Patterns in community structure along and between Shores

The wave exposure gradient also has a considerable effect on community structure, through the stresses and benefits experienced at different levels of wave energy (see linked figure). Certain species are well adapted to survive on exposed shores including the barnacles Semibalanus balanoides and Chthamalus montagui. Dogwhelks, which feed on barnacles and mussels are also more abundant on exposed shores. On exposed shores, eulittoral seaweeds are usually ephemeral or short turf forms. In contrast, the more foliose fucoids perform better in sheltered conditions where their presence reduces the abundance of barnacles in the mid-shore.
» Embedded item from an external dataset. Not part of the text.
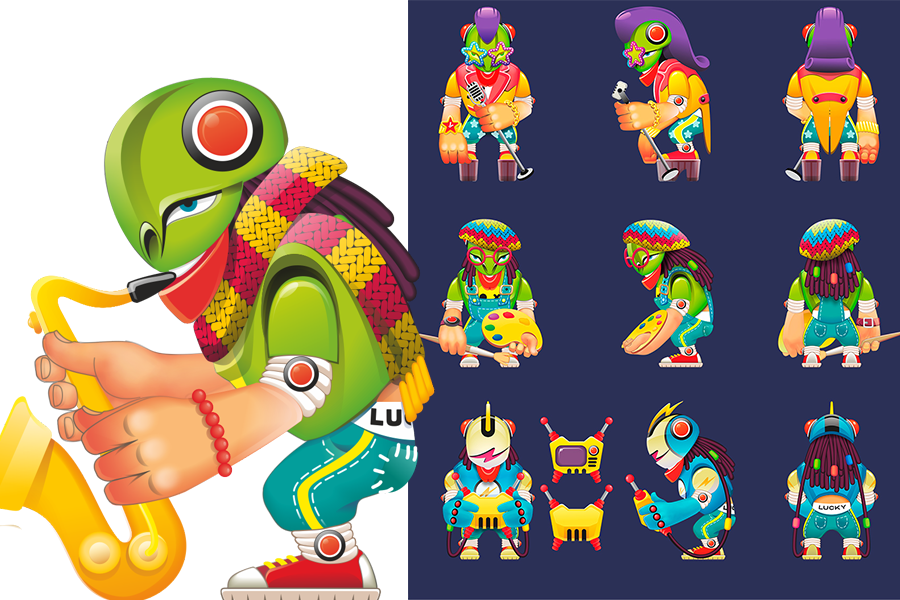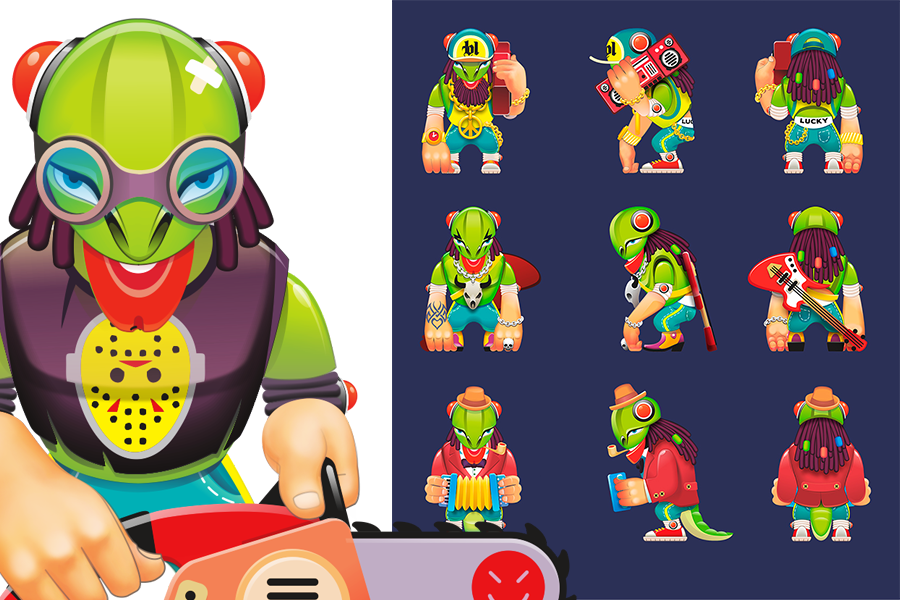 Эскизы персонажа в разных стилистиках. Варианты применения: 1. Фирменный персонаж (Например, какого-нибудь стебового журнала. Или рекламного агентства) 2. Коллекционные игрушки 3. GameDev 4. Да что угодно.. Всего вариантов персонажа 10.

It is well known that most fucoids are prevented from establishing on exposed shores by limpet grazing (Jones, 1948, Southward and Southward, 1978, Hawkins and Hartnoll, 1983, Hawkins et al., 1992). The direct effects of wave action have been shown to be important for limiting recruitment of Ascophyllum spp. on more exposed shores (Vadas et al., 1990). Conversely, the factors responsible for excluding limpets and barnacles from sheltered shores are less well known. Larval supply, direct and indirect effects of canopies including competition from sub-dominant turf forming algal species, siltation, post-settlement predation have all been proposed (Hawkins and Hartnoll, 1983, Hawkins and Jones, 1992, Hawkins et al., 1992) although the only attempt to test such ideas was made by Jenkins (1995).
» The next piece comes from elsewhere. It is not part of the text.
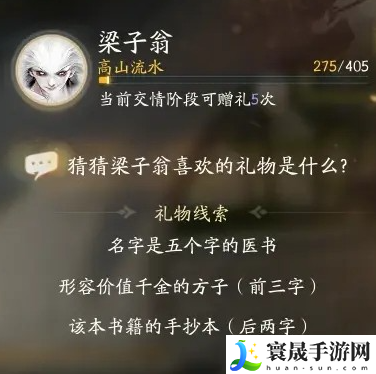 以上就是小编整理带来的射雕手游梁子翁最喜欢的礼物分享,更多相关游戏攻略,请点击关注本站!

Lower on the shore, Alaria spp. replaces Laminaria digitata in more exposed conditions, whilst L. saccharia predominates in shelter (see linked figure), particularly on unstable boulders being an annual. If L. digitata is removed on moderately sheltered shores, L. saccharia can be induced to colonise from shelter and Alaria spp. from exposure. This suggests that moderate shelter to moderate exposure are ideal conditions for sublittoral fringe kelp but that the more opportunistic species (Alaria spp., L. saccaria) are confined to sub-optimal conditions at either end of the wave exposure gradient (Hawkins and Harkin, 1985).